Passer à la version à faible émission de carbone

La Banque mondiale estime les besoins d'investissement maritime de l'Asie de l'Est à 460 milliards de dollars d'ici 2040.

1 août 2026
par le personnel du CSN

Un nouveau rapport de la Banque mondiale indique que l'Asie de l'Est et le Pacifique doivent investir plus de 460 milliards de dollars dans les navires, les ports et les carburants plus propres d'ici 2040 pour que le commerce maritime reste efficace, sûr et à faible émission de carbone.

Le transport maritime achemine les marchandises dont dépendent les économies régionales, et en Asie de l'Est et dans le Pacifique, son ampleur est considérable. Un nouveau rapport de la Banque mondiale avertit que les flottes et les ports qui assurent ce commerce ont besoin d'investissements massifs pour rester efficaces, sûrs et réduire leurs émissions. Le rapport, Ports, navires et carburants : efficacité, sécurité et durabilité maritimes en Asie de l'Est et dans le Pacifique, a été publié le 27 juillet.

Le rapport estime que la région aura besoin de plus de 460 milliards de dollars d'investissements maritimes entre 2025 et 2040. Environ 280 milliards de dollars seraient consacrés au renouvellement des flottes vieillissantes, et près de 180 milliards à l'expansion et à la modernisation des ports. Mobiliser des fonds de cette ampleur, indique le rapport, exigera une action coordonnée des secteurs public et privé, appuyée par une politique claire et prévisible.

Un secteur qui porte l'économie régionale

Le rapport met en lumière l'importance cruciale du secteur. Le transport maritime emploie directement jusqu'à 9 millions de personnes dans la région et fait vivre près de 18 millions de personnes. En 2025, le commerce maritime en Asie de l'Est et dans le Pacifique a dépassé les 6 milliards de tonnes, générant jusqu'à 3 700 milliards de dollars d'activité économique.

Selon le rapport, chaque tonne de marchandises transitant par les ports de la région génère environ 155 dollars de production économique directe. En tenant compte des retombées indirectes sur le secteur manufacturier, le commerce et les revenus des ménages, la valeur de chaque tonne se situe entre 310 et 620 dollars.

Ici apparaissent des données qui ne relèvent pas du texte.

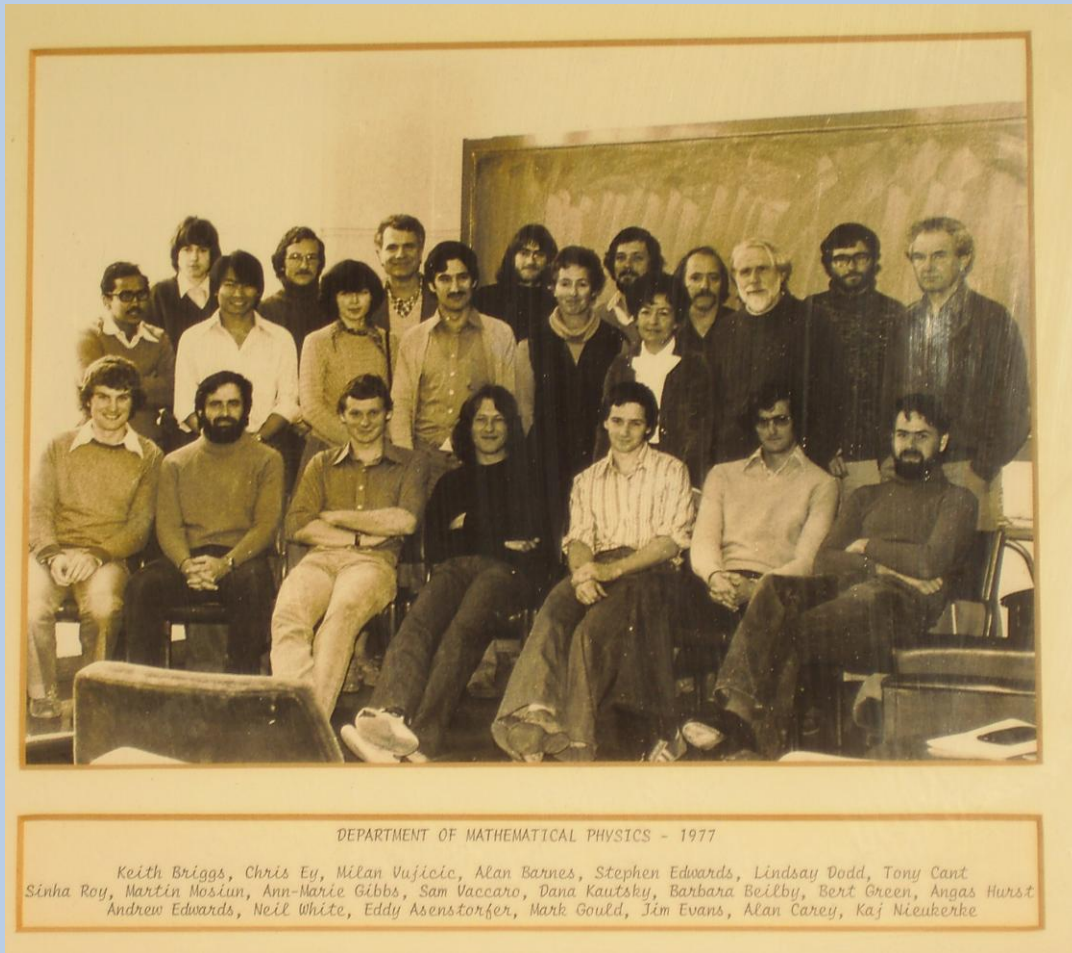
DEPARTMENT OF MATHEMATICAL PHYSICS - 1977

« Les chaînes d’approvisionnement maritimes sont le système circulatoire des économies régionales », a déclaré Carlos Felipe Jaramillo, vice-président de la Banque mondiale pour l’Asie de l’Est et le Pacifique. « Lorsqu’elles fonctionnent bien, les entreprises deviennent plus compétitives, les marchés plus accessibles et les communautés prospèrent. Ce rapport est un appel à protéger les travailleurs, à renforcer la sécurité maritime et à saisir les opportunités offertes par un avenir maritime plus efficace et durable. »

Efficacité, sécurité et carburants plus propres

Le rapport considère les ports, les navires et les carburants comme un système unique et interconnecté, et identifie trois priorités interdépendantes : l’efficacité, la sécurité et la durabilité. Une efficacité et une sécurité accrues permettraient d’améliorer la fiabilité, de réduire les coûts et de renforcer la compétitivité des chaînes d’approvisionnement régionales. Quant aux progrès en matière de durabilité, le rapport souligne qu’ils dépendront des investissements dans les carburants alternatifs et les infrastructures nécessaires à leur distribution.

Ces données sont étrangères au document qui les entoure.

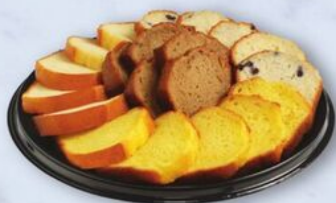
Sliced Sweet Loaf Tray serves 20

Le vieillissement des flottes, la congestion portuaire et les risques pour la sécurité constituent autant de pressions que la région ne peut plus ignorer. La transition vers des carburants plus propres engendre des coûts supplémentaires, et le rapport souligne que ces décisions façonneront le secteur jusqu'en 2050.

Investir dans l'humain

L'argent seul ne suffira pas à assurer la transition. Le rapport souligne que les gouvernements et l'industrie doivent doter les travailleurs des compétences nécessaires à un secteur en pleine mutation, car l'automatisation, la numérisation et les carburants alternatifs transforment le travail en mer et à terre. Rendre les carrières maritimes sûres et attractives, affirme-t-il, est essentiel pour fidéliser les talents dont l'industrie a besoin.

Pour une région qui joue un rôle majeur dans le commerce mondial, le message est clair : décarbonation du secteur maritime et résilience économique sont indissociables. Le déficit d’investissement est bien réel, et le rapport propose aux gouvernements une feuille de route chiffrée pour le combler.